La imagen es la única que capta la atención del ser humano en la virtualidad. La imagen rápida, la que pasa de un tema a otro, la que es realista, pero irreal, la que aproxima a los fanáticos a sus dioses. Amanecer para ver cómo amanecieron tus ídolos y todo lo nuevo que hay en el mundo, y si un influencer transmitió en vivo mientras dormías. ¿Cómo vamos a aprender cuando ya no tenemos paciencia? ¿Cómo vamos a leer? Si los ojos se nos cierran frente a un libro porque no emite la misma luz que el teléfono que es la nos mantiene despiertos. Un profesor amigo decía que para volver a dar clases presenciales e híbridas. Empezó a transmitir en el aula su imagen en una pantalla grande, y entonces quienes tomaban la clase presencial podían ponerle atención porque le veían a través de la pantalla.

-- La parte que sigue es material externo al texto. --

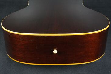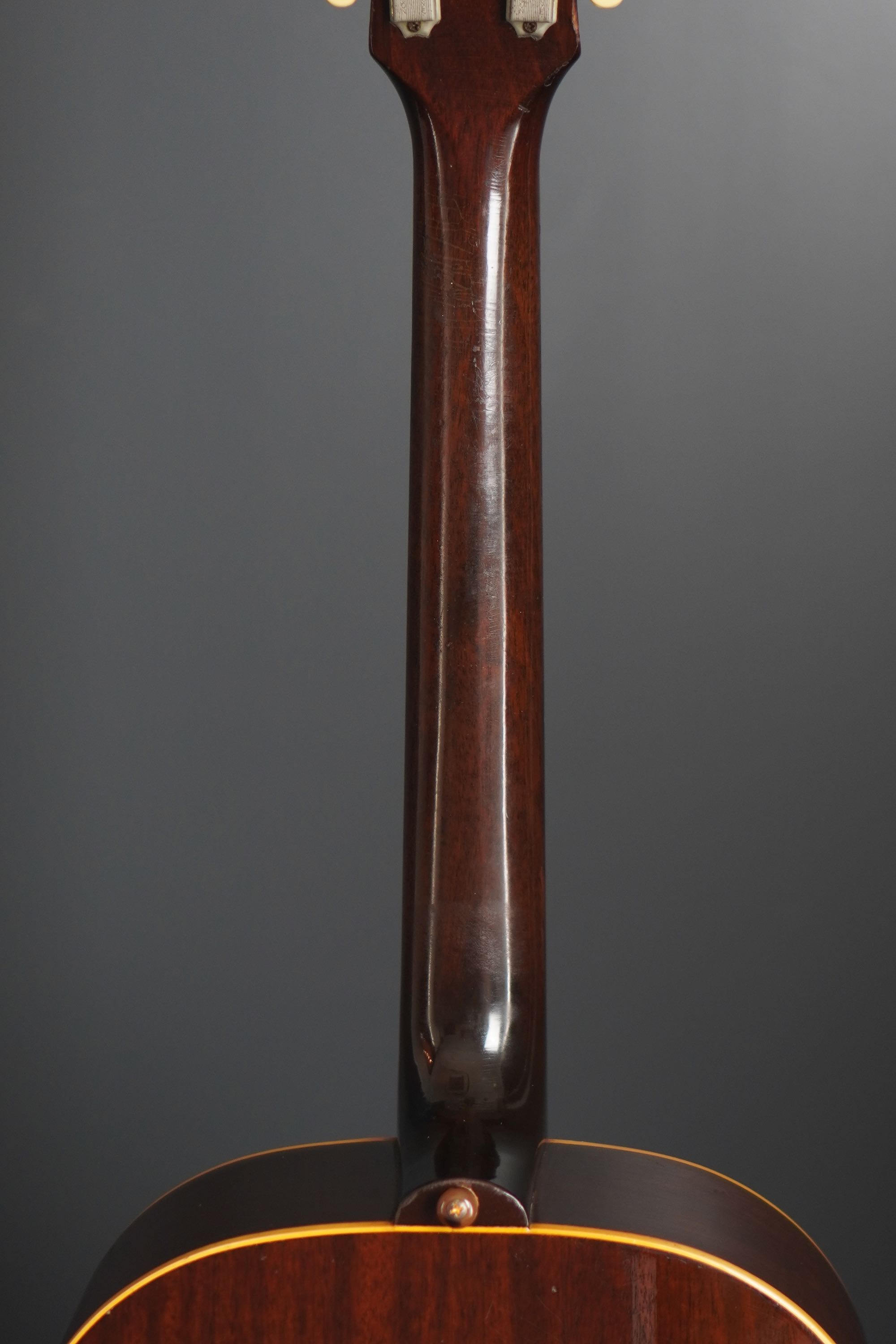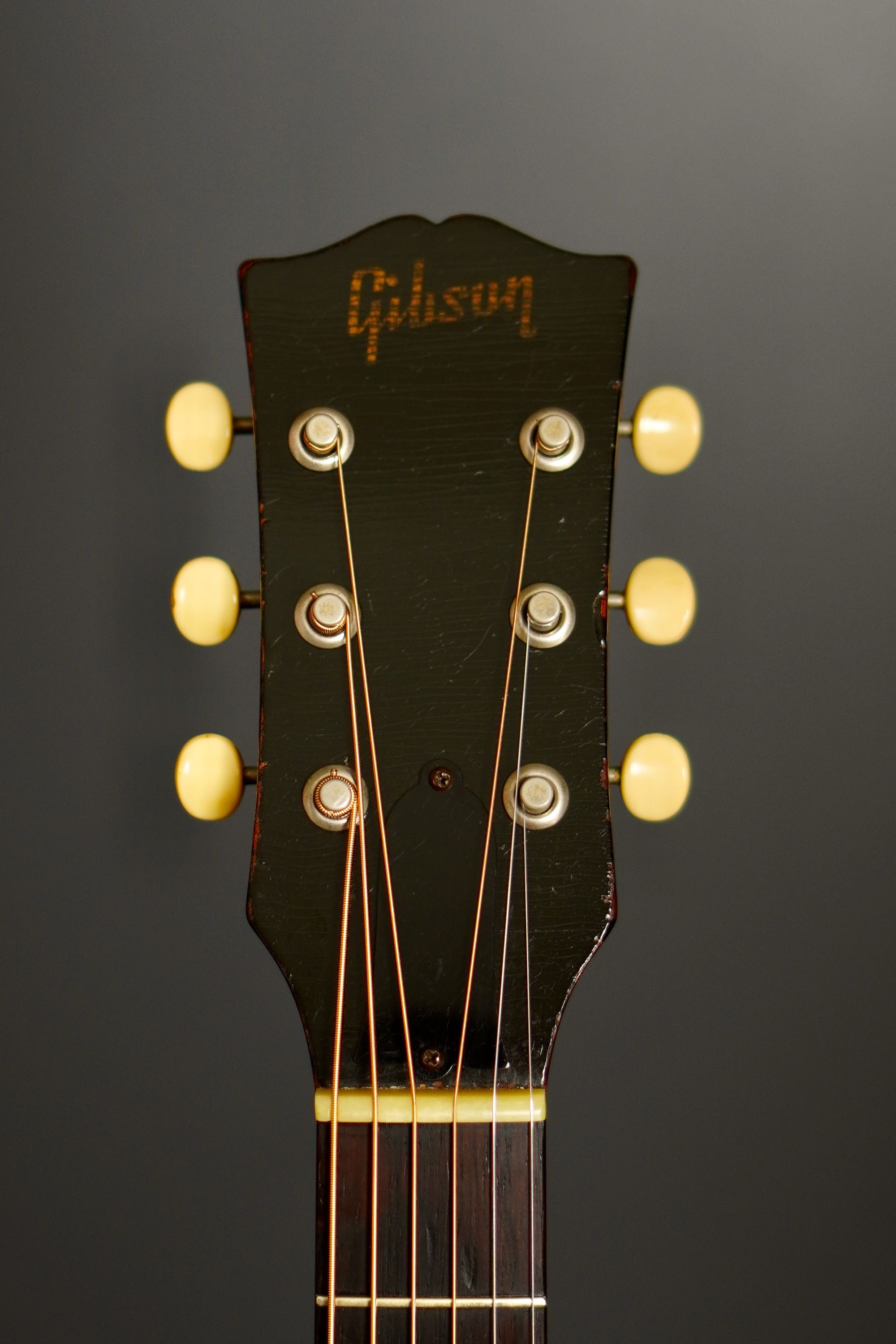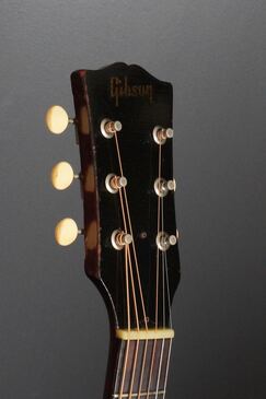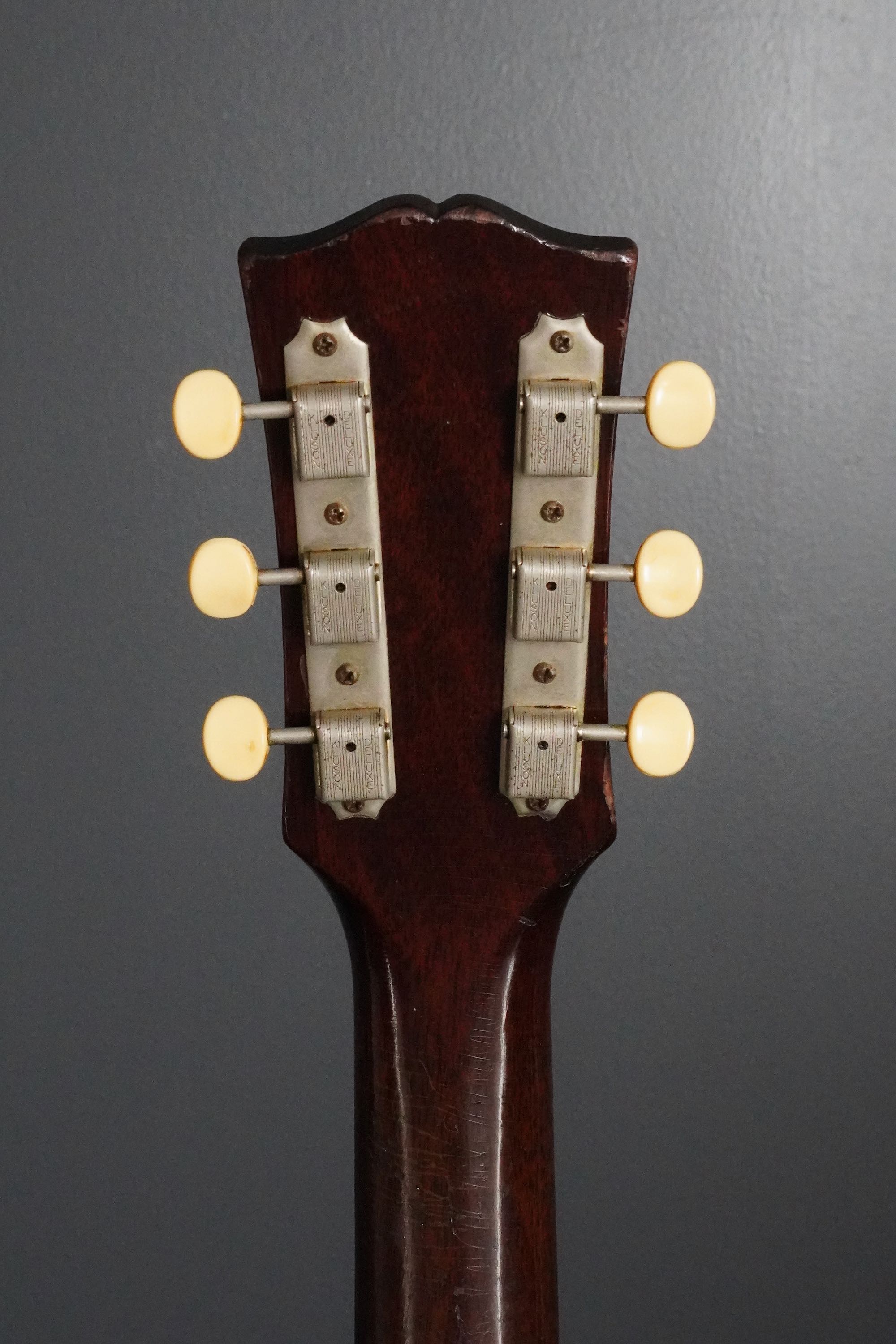 シンプルな黒いヘッドトップにギブソンのゴールドロゴ、クルーソンのペグは少し後の年代のダブルラインのタイプに交、換され素朴な形状のネックヒールにはストラップピンの取付があります。

Vivimos en un tiempo en el que es difícil diferenciar entre una adicción, la conveniencia, la costumbre, la contemporaneidad, una fábula orwelliana como tantas veces se ha dicho. Es tan profunda la conexión, y tan vacía la imagen. Es un momento para los historiadores, para los antropólogos, para los científicos para comprender el fenómeno al que nos hemos anclado como humanidad. Cómo evolucionarán nuestros cerebros y sus conexiones neuronales, cómo evolucionarán nuestros pulgares para chatear mejor, y nuestros cuellos doblados a la altura de los hombros, refundidas nuestras miradas miopes sobre un dispositivo. Cómo aprenderemos mejor, cómo encontraremos pareja, cómo cultivaremos nuestro interés por el mundo. Son preguntas que se pueden hacer en la sobremesa, mientras el teléfono que está a lado del pocillo del ají, capta todas nuestras dudas, para que los algoritmos puedan ofrecernos respuestas en forma de publicidad en las próximas horas que le dedicaremos a nuestro amado dispositivo, seguramente antes siquiera de terminar de levantar la mesa.